`last` function when the timestamp is the same

marcogroot · April 18, 2024, 6:08am

Hey all,

Say i have a dataset of 100,000,000 rows, many of which share the same timestamp. If i call the last function on them, say last(id, timestamp), is there deterministic behaviour to determine what the last value produced will be? Or alternatively, can we provide a third column to break these ties.

Thanks!

jonatasdp · April 18, 2024, 12:32pm

Hi @marcogroot , my understanding is that if you create an index, it will automatically be deterministic as it will use the index to find the last.

I’m not sure if I understand the third column idea. Do you already have the data?

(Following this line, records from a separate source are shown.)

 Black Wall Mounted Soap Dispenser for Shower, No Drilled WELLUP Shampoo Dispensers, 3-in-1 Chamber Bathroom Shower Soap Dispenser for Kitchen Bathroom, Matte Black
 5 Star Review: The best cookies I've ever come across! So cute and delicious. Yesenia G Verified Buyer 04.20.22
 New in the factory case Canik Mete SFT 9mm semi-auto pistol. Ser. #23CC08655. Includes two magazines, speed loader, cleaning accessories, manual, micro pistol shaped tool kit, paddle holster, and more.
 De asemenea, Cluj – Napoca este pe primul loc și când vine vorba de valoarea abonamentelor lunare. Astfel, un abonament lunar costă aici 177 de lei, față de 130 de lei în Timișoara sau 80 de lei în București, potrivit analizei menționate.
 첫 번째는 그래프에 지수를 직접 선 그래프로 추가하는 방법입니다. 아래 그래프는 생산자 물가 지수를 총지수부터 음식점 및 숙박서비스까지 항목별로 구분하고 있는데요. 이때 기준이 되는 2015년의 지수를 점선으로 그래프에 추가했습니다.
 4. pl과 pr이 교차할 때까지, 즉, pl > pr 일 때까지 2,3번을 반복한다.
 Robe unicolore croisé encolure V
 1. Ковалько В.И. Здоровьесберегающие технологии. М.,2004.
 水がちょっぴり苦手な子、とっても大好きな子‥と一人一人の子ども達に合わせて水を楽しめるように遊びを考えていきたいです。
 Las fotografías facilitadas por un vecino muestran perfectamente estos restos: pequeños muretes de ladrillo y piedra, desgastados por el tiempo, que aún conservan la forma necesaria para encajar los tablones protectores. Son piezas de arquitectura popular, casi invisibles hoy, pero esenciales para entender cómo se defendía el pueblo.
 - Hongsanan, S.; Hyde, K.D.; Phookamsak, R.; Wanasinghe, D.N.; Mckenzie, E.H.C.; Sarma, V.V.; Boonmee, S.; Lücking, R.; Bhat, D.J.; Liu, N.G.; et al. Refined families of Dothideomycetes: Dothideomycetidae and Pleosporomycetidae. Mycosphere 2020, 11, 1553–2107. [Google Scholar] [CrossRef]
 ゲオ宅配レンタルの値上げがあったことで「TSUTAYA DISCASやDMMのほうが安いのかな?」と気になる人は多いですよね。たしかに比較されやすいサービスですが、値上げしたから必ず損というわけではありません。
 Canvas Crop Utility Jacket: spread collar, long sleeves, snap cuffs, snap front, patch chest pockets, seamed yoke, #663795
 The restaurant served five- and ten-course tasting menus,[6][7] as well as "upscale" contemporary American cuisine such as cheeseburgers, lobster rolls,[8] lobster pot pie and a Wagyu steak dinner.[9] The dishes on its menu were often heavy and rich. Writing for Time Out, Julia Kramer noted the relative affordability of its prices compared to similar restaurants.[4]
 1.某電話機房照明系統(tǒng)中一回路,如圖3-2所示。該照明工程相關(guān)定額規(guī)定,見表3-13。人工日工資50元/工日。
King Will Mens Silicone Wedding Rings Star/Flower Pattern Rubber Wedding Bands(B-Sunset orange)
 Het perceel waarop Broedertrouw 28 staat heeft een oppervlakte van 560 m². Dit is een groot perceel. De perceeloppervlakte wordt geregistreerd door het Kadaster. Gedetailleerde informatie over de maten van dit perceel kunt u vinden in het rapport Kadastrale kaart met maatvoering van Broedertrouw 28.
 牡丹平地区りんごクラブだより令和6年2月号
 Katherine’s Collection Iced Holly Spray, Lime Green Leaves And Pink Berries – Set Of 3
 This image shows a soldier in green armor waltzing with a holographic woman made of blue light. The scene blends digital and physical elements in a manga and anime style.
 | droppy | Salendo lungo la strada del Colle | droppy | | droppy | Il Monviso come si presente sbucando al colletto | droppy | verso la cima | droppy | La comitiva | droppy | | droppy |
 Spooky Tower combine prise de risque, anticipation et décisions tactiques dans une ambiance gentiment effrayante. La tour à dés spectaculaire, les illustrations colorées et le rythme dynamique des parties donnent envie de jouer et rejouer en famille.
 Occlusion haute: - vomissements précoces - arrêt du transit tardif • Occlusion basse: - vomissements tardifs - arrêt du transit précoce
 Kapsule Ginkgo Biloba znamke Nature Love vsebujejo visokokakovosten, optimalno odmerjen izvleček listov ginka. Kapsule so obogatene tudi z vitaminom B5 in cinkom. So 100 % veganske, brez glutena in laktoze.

Would it be like a time frame which should wrap the last from?

marcogroot · April 18, 2024, 3:29pm

I have a service which is consuming data that has a timestamp column, and a sequence_number column which indicates the order which the data was created (lower number means created first).

My question is If my service consumes a record and stores it in the database, if i then consume another record that has the SAME timestamp but a lower sequence_number (since it was created first in an external service), can i make it so that the lower sequence_number item is chosen with higher priority when using the last function?

For example

last(id, timestamp, sequence_number) // sort with sequence_number if timestamp is the same

jonatasdp · April 29, 2024, 1:21pm

Hey @marcogroot , I guess you can impose it by adding the proper order by:

last(id, timestamp)
...
from ... 
order by timestamp, sequence_number.

Would it work?